Depuis le début de l’année 2025, la zone de santé de Basankusu, située dans la province de l’Équateur en République démocratique du Congo (RDC), est confrontée à une épidémie de maladies fébriles d’origine inconnue. À ce jour, près de 3 000 cas ont été recensés, entraînant 58 décès.
Symptômes et impact sur la population
Les patients présentent des symptômes tels que fièvre élevée, maux de tête, douleurs musculaires généralisées, raideur de la nuque, frissons et fatigue intense. L’évolution rapide de la maladie, avec des décès survenant parfois en moins de 48 heures après l’apparition des premiers signes, suscite une vive inquiétude au sein des communautés locales.
Enquête en cours et premières conclusions
Le 17 mars 2025, une équipe d’investigation de l’African Field Epidemiology Network (AFENET) a mené une enquête approfondie dans l’aire de santé d’Ekoto, plus précisément dans les villages de Lokombo et Ekalankoy. Les investigations ont révélé un délai critique de moins de 48 heures entre l’apparition des symptômes et le décès, accompagné d’une décomposition accélérée des corps. Sur le plan environnemental, la présence de puits d’eau de surface non drainés depuis janvier, situés en aval de vastes plantations de palmiers, a été constatée. De plus, des habitants ont reconnu l’utilisation clandestine d’herbicides et de fertilisants industriels, soulevant des préoccupations quant à une possible contamination environnementale.

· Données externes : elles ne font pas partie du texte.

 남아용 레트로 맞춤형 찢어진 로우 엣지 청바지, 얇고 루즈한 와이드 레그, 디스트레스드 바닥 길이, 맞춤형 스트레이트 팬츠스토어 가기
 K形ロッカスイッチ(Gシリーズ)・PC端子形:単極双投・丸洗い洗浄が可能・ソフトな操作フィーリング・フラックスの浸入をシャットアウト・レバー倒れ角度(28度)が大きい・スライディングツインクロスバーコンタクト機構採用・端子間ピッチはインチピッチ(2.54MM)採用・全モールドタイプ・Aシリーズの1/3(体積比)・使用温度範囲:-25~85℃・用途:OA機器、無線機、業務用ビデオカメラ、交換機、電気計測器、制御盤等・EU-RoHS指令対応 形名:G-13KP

Réponses des autorités sanitaires
Face à cette situation alarmante, les autorités sanitaires congolaises, en collaboration avec l’Organisation mondiale de la santé (OMS), ont intensifié la surveillance épidémiologique et lancé des analyses pour identifier l’agent pathogène responsable. Les premiers tests ont écarté la présence des virus Ebola et Marburg. Environ la moitié des échantillons testés se sont révélés positifs au paludisme, mais cette seule cause ne semble pas expliquer la gravité et la rapidité de l’évolution clinique observée.

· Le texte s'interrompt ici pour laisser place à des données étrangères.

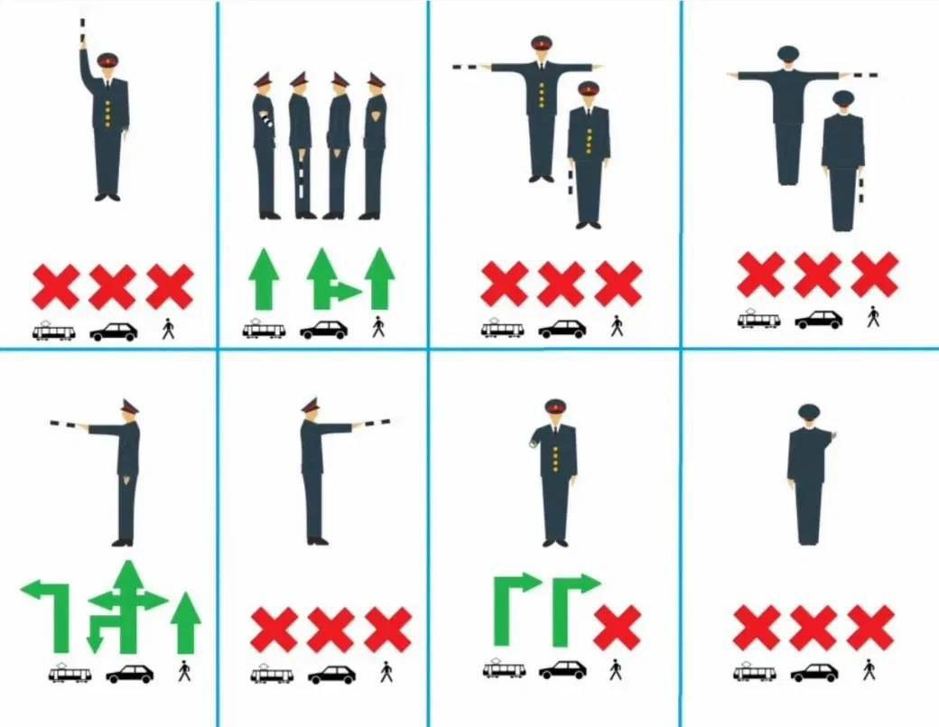 Регулировщик также помогает ориентироваться пешеходам: переходить улицу можно лишь тогда, когда руки полицейского направлены горизонтально или одна рука находится впереди тела.
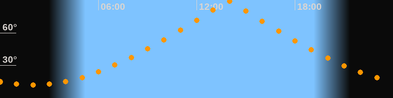 | Höchster Stand (Kulmination) | 13:57 Uhr (h = 89,3°) |
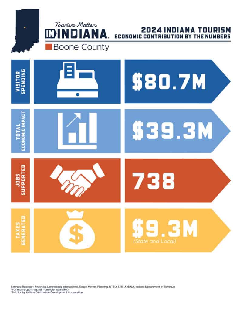 The following information is drawn from a 2024 report by Rockport Analytics commissioned by the Indiana Destination Development Corporation and highlights how visitor spending strengthens Boone County’s economy, workforce, and community.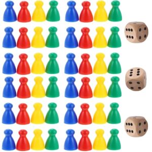 YFFSFDC ボードゲーム 木製 ポーンチェス 48個チェス+3個サイコロマルチカラー ゲーム ポーン チェスの駒 ポーン 人型 サイコロ チェスゲーム チェスのボードゲーム 卓上 駒の代わり 交換用 マーカー

Recommandations et mesures préventives
Les experts recommandent des analyses toxicologiques urgentes des sources d’eau, le renforcement de la surveillance épidémiologique, ainsi que la mise en place d’un dialogue communautaire structuré pour lever les barrières socioculturelles à l’information. La construction de points d’eau améliorés et l’instauration d’un soutien psychologique et humanitaire pour les habitants de la zone affectée sont également préconisées.

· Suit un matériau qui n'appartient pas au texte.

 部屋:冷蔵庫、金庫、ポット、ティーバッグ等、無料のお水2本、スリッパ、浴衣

Cette épidémie met en lumière les défis sanitaires auxquels la RDC est confrontée, en particulier dans les zones reculées où l’accès aux soins de santé est limité. Une mobilisation rapide et coordonnée des autorités sanitaires, des partenaires internationaux et des communautés locales est essentielle pour contenir cette crise et prévenir de futures flambées épidémiques.